El aleteo sobre el techo de la oficina del panteón desperdigó las cruces que esperaban muertos nuevos. El primero en verlo fue mi padre y por el color de papel cebolla de su cara, pude saber que esta vez no se trataba de un aparecido cualquiera.
Apenas atravesamos el umbral de la puerta y las garras de sus patas le tiraron el sombrero de cazador a mi padre, que corría detras de mí. Con el rabillo del ojo pude ver las piernas musculosas e inmensas de la criatura, eran de pavo bien criado, el pecho de macho cabrío y la cara de diablo de lotería.
De la prisa que inyecta el miedo se nos olvidó que teníamos troca y corrimos hasta que el pánico nos fundió los pulmones y nos paró el corazón. De a poco recuperé el aliento, el pulso y el color, pero a mi papá, ya muy acostumbrado a los aparecidos, le costó más tiempo asimilar el susto y le entró diabetes.

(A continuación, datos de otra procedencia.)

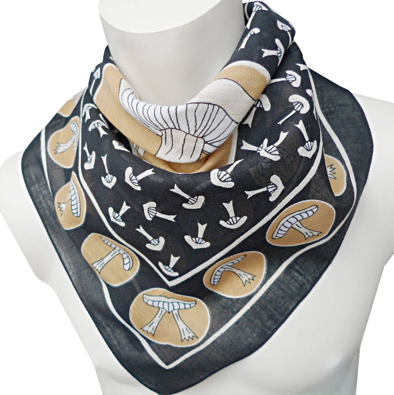 Halstuch, Nickituch mit Pilzen, Lamellenpilzen, 100% Baumwolle, braun, schwarz, weiß
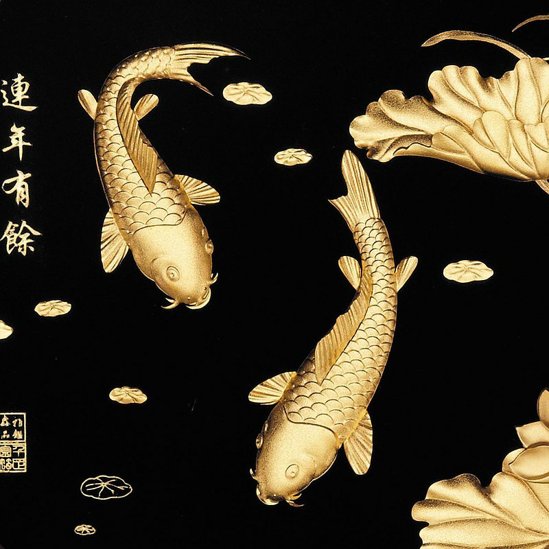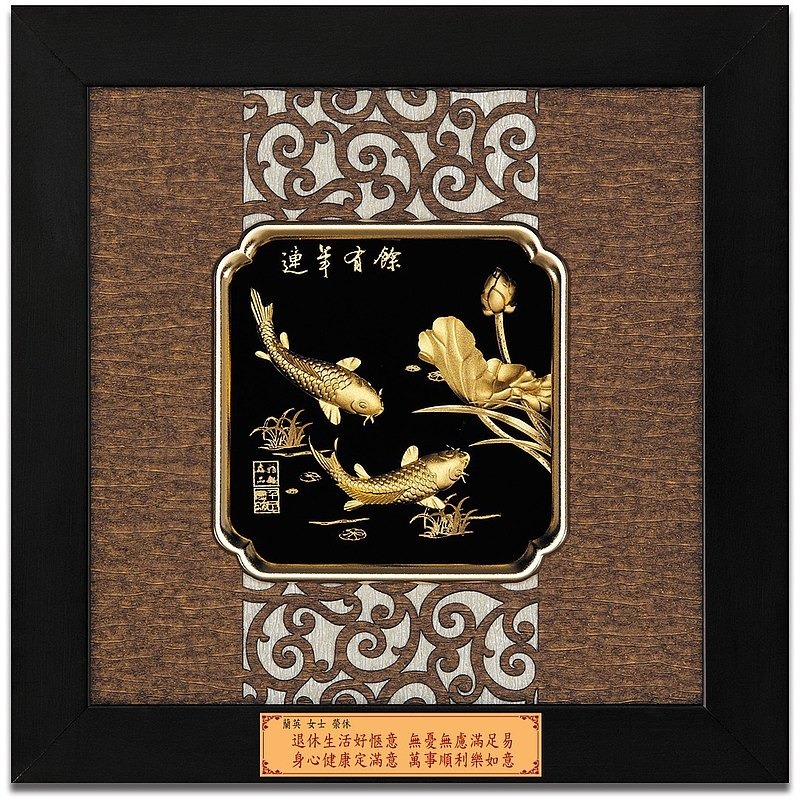 連年有餘是由蓮花和鯉魚組成的傳統的吉祥圖案,用以稱頌富裕祝賀之意。蓮是連的諧音,年是鯰的諧音,魚是餘的諧音,也稱年年有魚。
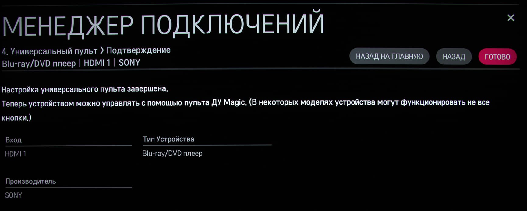 Для управления сторонней техникой используется ИК-излучатель пульта. Управлять ей приходится с помощью экранного меню, что не очень удобно, да и функций мало, например, нет команды выбора пункта в меню диска.
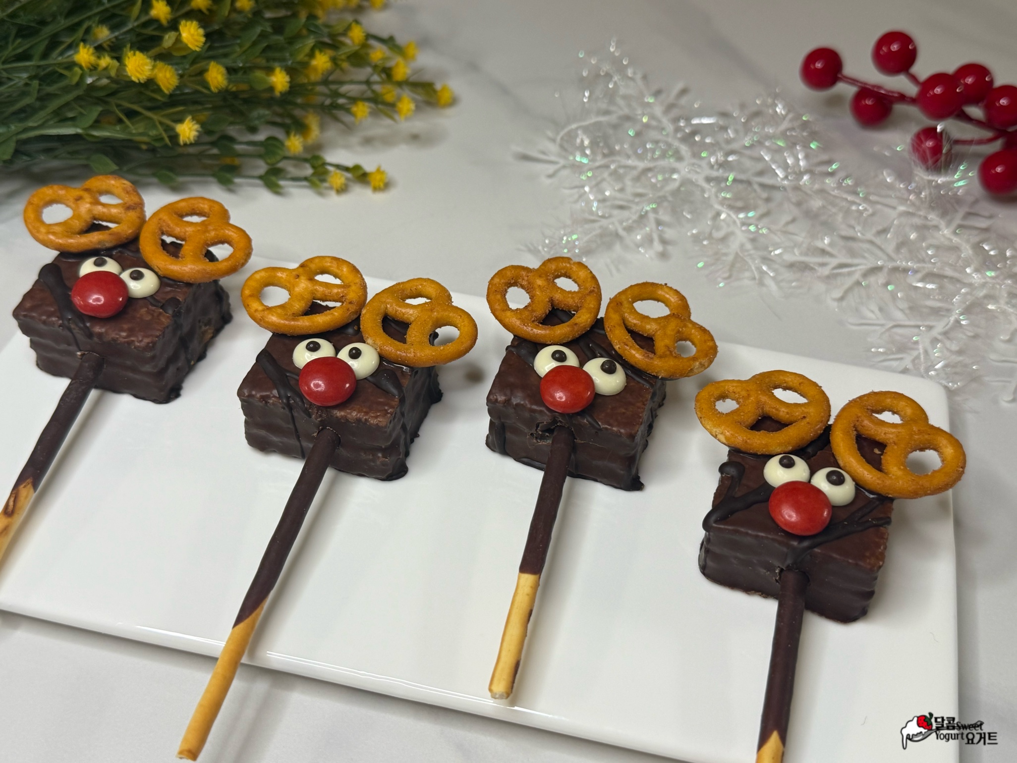 빼빼로 조심스럽게 꽂아주면 초간단하게 완성이 되는 오예스 루돌프입니다.
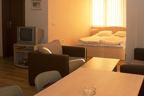 В ОТЕЛЕ: • 2 корпуса • 4 этажа • 9 апартаментов с 1-ой спальней (макс. 2+2 чел., 45 m²)
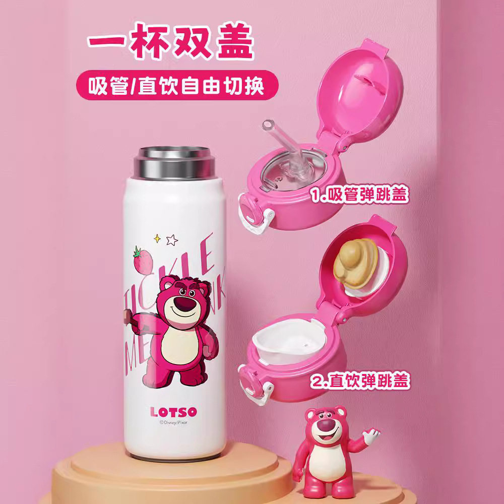 迪士尼草莓熊奥特曼蜘蛛侠冰雪316保温杯带杯套双盖杯500ml10625
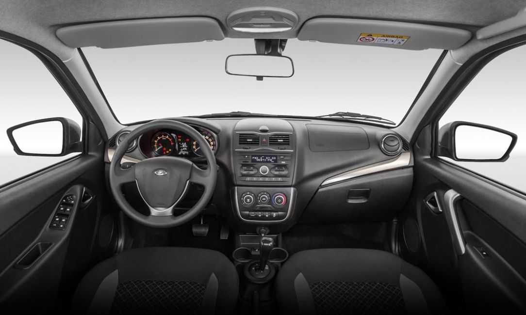Салон можно назвать новым и не новым одновременно. Ведь, если раньше на Гранту и Калину ставили разную переднюю панель, то теперь, с «объединением», все варианты получили интерьер от так называемой Калины-2. Основные изменения салона – подсветка клавиш белым цветом (раньше был зелёный) и обрамление в форме литеры Х вокруг центральных дефлекторов системы вентиляции. Кроме того, на фото салона заметно, что приборы получили полукруги оранжевого цвета. А цифры теперь «смотрят» в стороны.
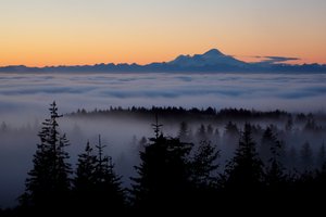— Low fog on Cook Inlet provides an incredible foreground for Iliamna Volcano.
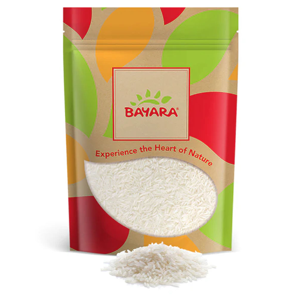 We designed this packaging with a vibrant, leafy pattern and a clear window so you can see the clean, white, long-grain quality of the rice inside. The resealable zip-lock top is built to protect the grains from moisture and pests, ensuring the aroma stays fresh for every meal. Trust Bayara to deliver the high-standard, natural grains that make healthy cooking a pleasure.
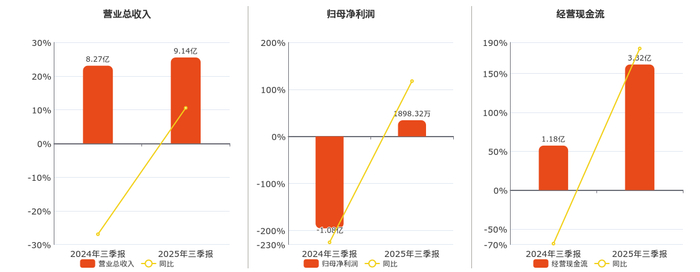 公司营业总收入为9.14亿元。归母净利润为1898.32万元。经营活动现金净流入为3.32亿元。

Las apariciones del diablo en el techo de la pequeña oficina del Panteón Municipal, tan cercano a nuestro barrio de la colonia San Jorge, se hicieron más frecuentes después de que abundaron los muertos jóvenes, de esos que andan en la delincuencia y que otros malandrines matan por 500 pesos.
De la primera aparición hace ya más de cinco años, justo el tiempo en el que empezó la guerra del Gobierno contra los narcos, esa batalla que no entendemos muy bien pero que a los sepultureros trajo mucho trabajo.